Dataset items
———

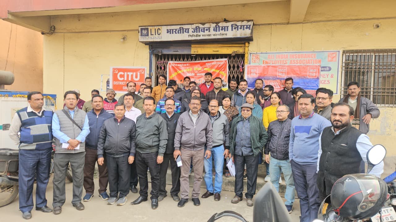बिरला शाखा में बीमा कानून संशोधन विधेयक के विरोध में प्रदर्शन
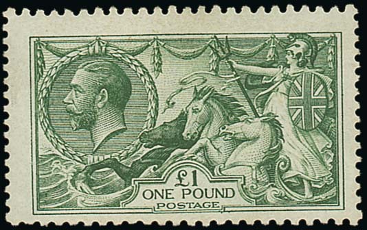 £1 green, unused with large part original gum; corner perforation bend, centred to foot. Fresh colour and fine. S.G. 403, £3,500. Photo
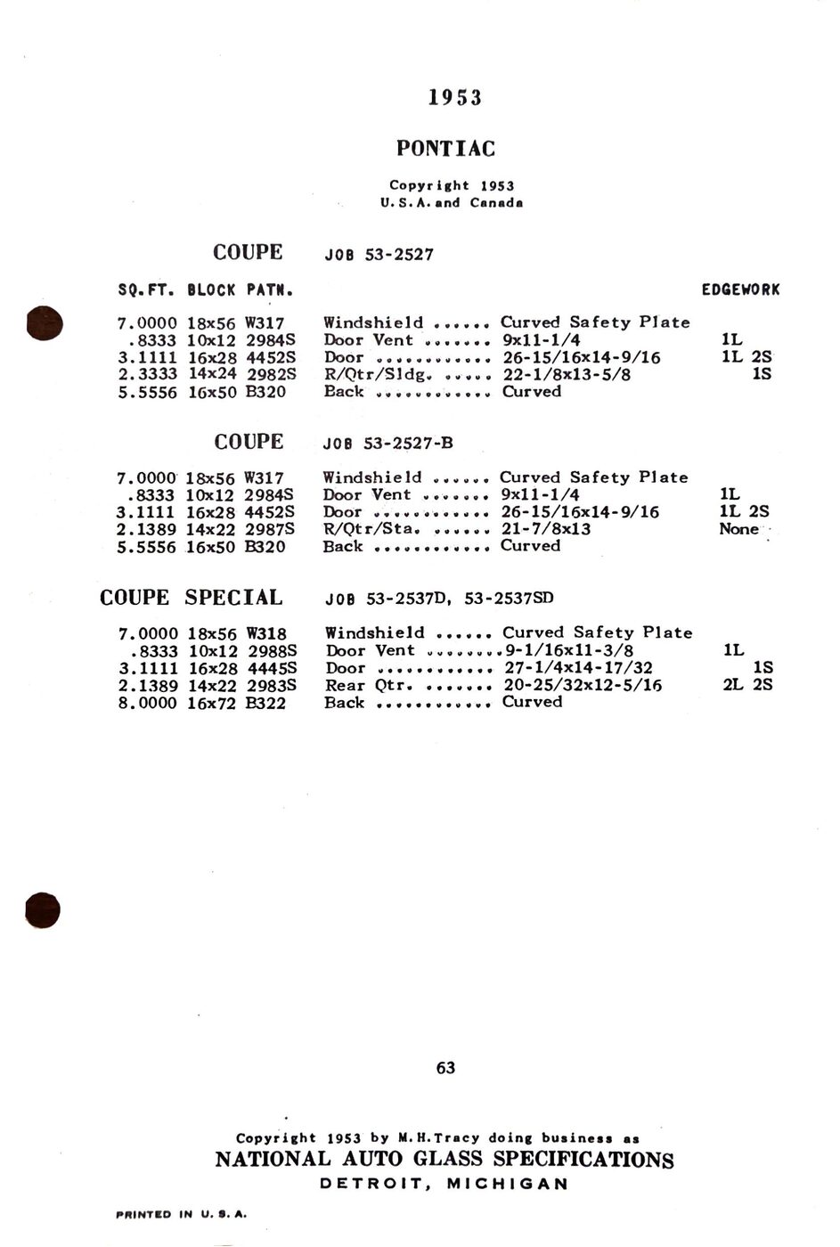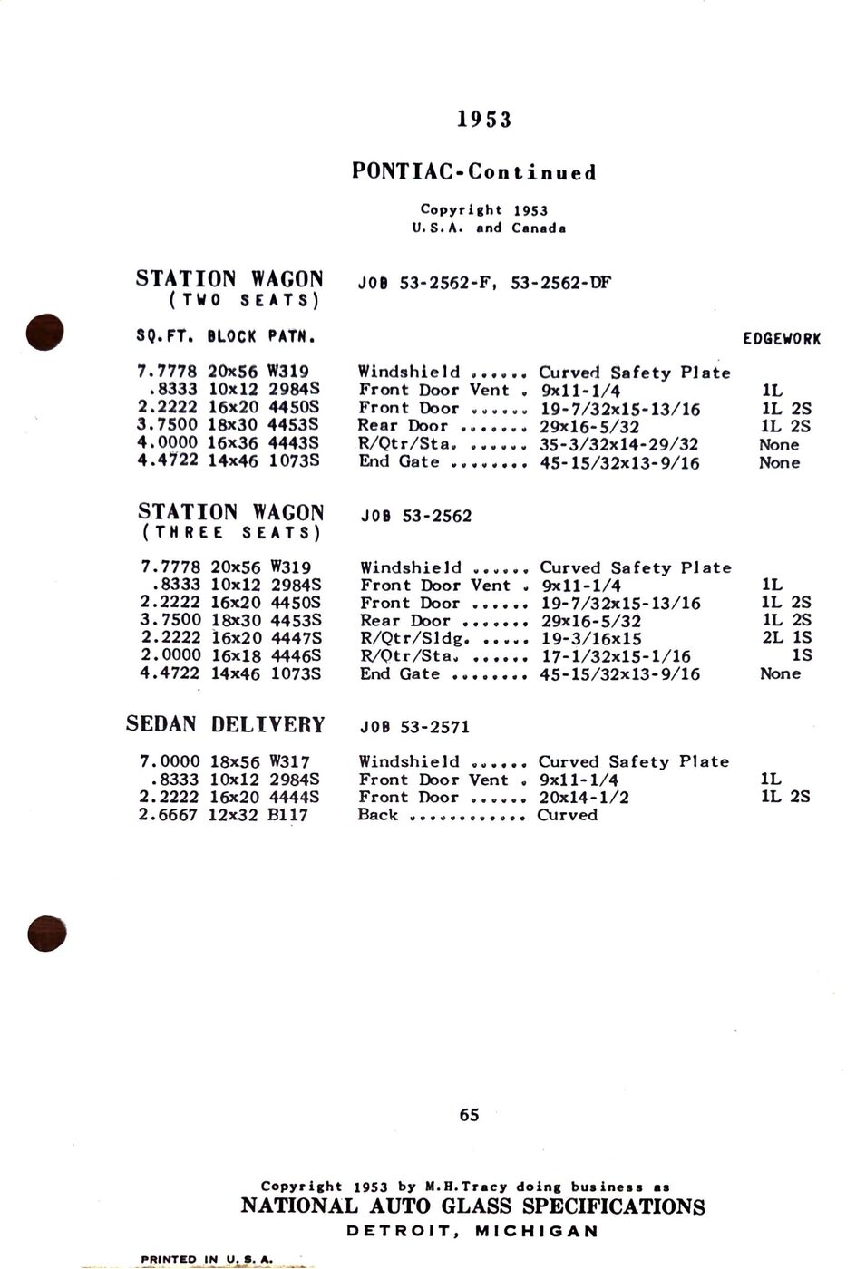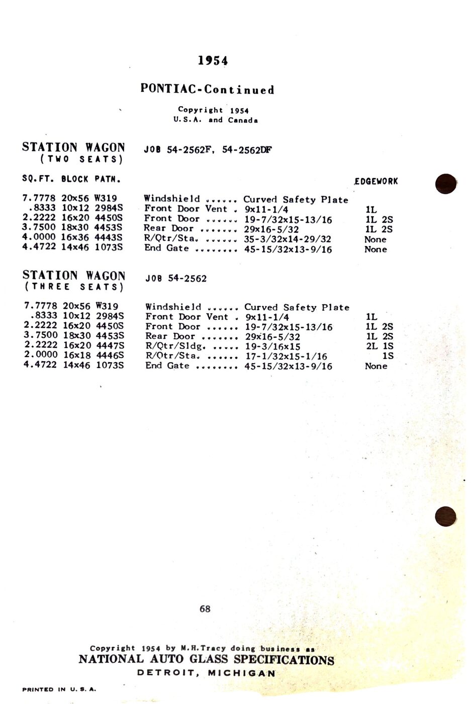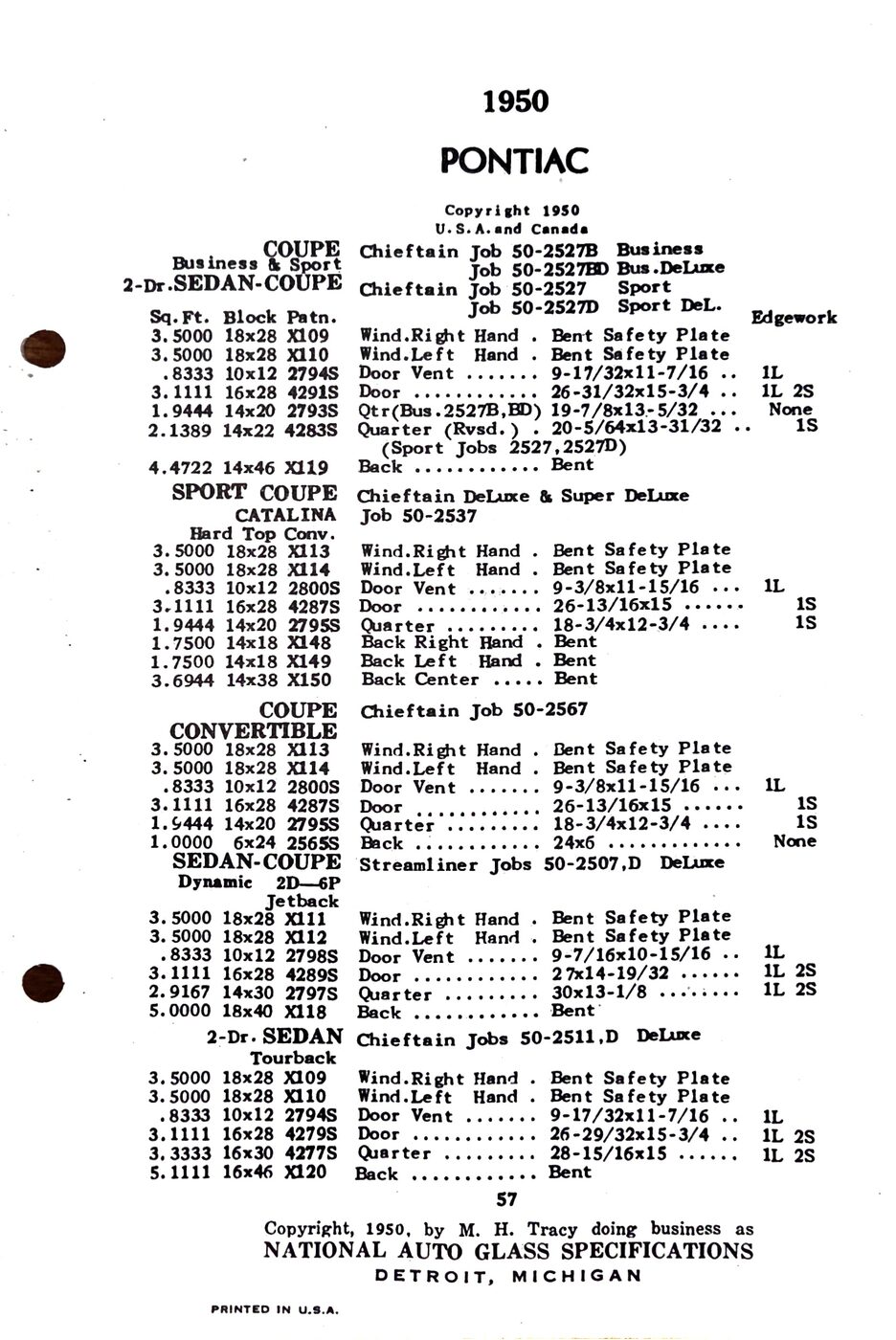 The 1949-54 Pontiac glass specifications from the National Auto Glass specs book. Lists original glass dimensions, pattern numbers and edge work.
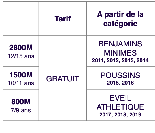 Nous attendons tous les jeunes nés entre 2011 et 2019 pour parcourir 3 distances adaptées à leur niveau. Attention : selon les règles FFA, c’est l’année de naissance qui prime et non l’âge (nous ne donnons les âges qu’à titre indicatifs).
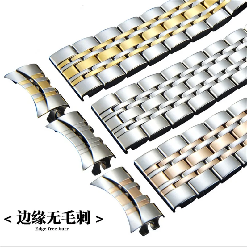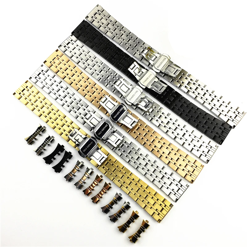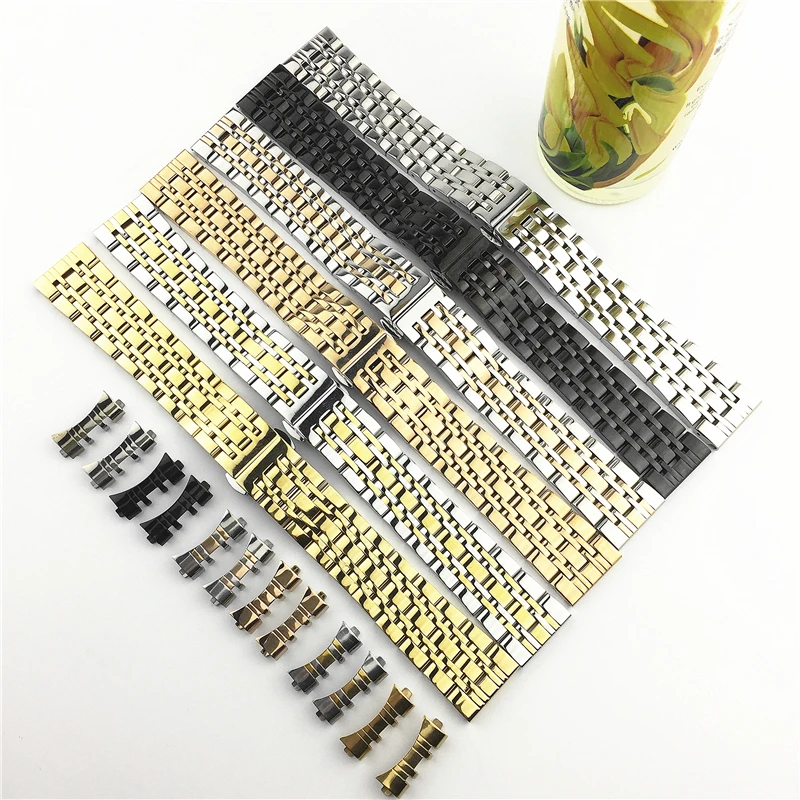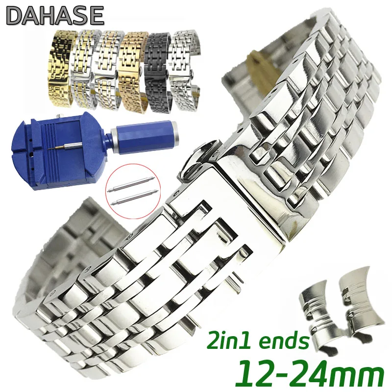 2 в 1 изогнутый прямой ремешок из нержавеющей стали для часов 12 14 15 16 17 18 19 20 21 22 23 24 мм Черный Сменный ремешок для часов
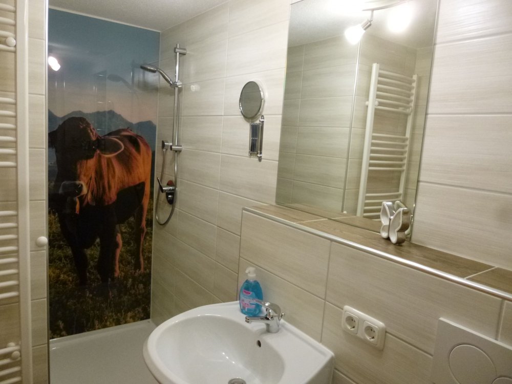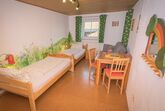 Schöne neue Fewo mit Wohnküche ( komplette Küchenzeile mit Spülmaschine), 2 Bäder, 3 Schlafräume ( 2 x Doppelbett, 1 x 2 Einzelbetten ) , absolut ruhige Lage, möblierter Balkon mit Blick ins Grüne, auf unseren Schwimmteich und auf unseren Spielplatz

———

WHAT IS BEING ASKED
Your copy should match the entries above exactly and contain no pictures.

OUTPUT FOR THIS EXERCISE
बिरला शाखा में बीमा कानून संशोधन विधेयक के विरोध में प्रदर्शन
 £1 green, unused with large part original gum; corner perforation bend, centred to foot. Fresh colour and fine. S.G. 403, £3,500. Photo
 The 1949-54 Pontiac glass specifications from the National Auto Glass specs book. Lists original glass dimensions, pattern numbers and edge work.
 Nous attendons tous les jeunes nés entre 2011 et 2019 pour parcourir 3 distances adaptées à leur niveau. Attention : selon les règles FFA, c’est l’année de naissance qui prime et non l’âge (nous ne donnons les âges qu’à titre indicatifs).
 2 в 1 изогнутый прямой ремешок из нержавеющей стали для часов 12 14 15 16 17 18 19 20 21 22 23 24 мм Черный Сменный ремешок для часов
 Schöne neue Fewo mit Wohnküche ( komplette Küchenzeile mit Spülmaschine), 2 Bäder, 3 Schlafräume ( 2 x Doppelbett, 1 x 2 Einzelbetten ) , absolut ruhige Lage, möblierter Balkon mit Blick ins Grüne, auf unseren Schwimmteich und auf unseren Spielplatz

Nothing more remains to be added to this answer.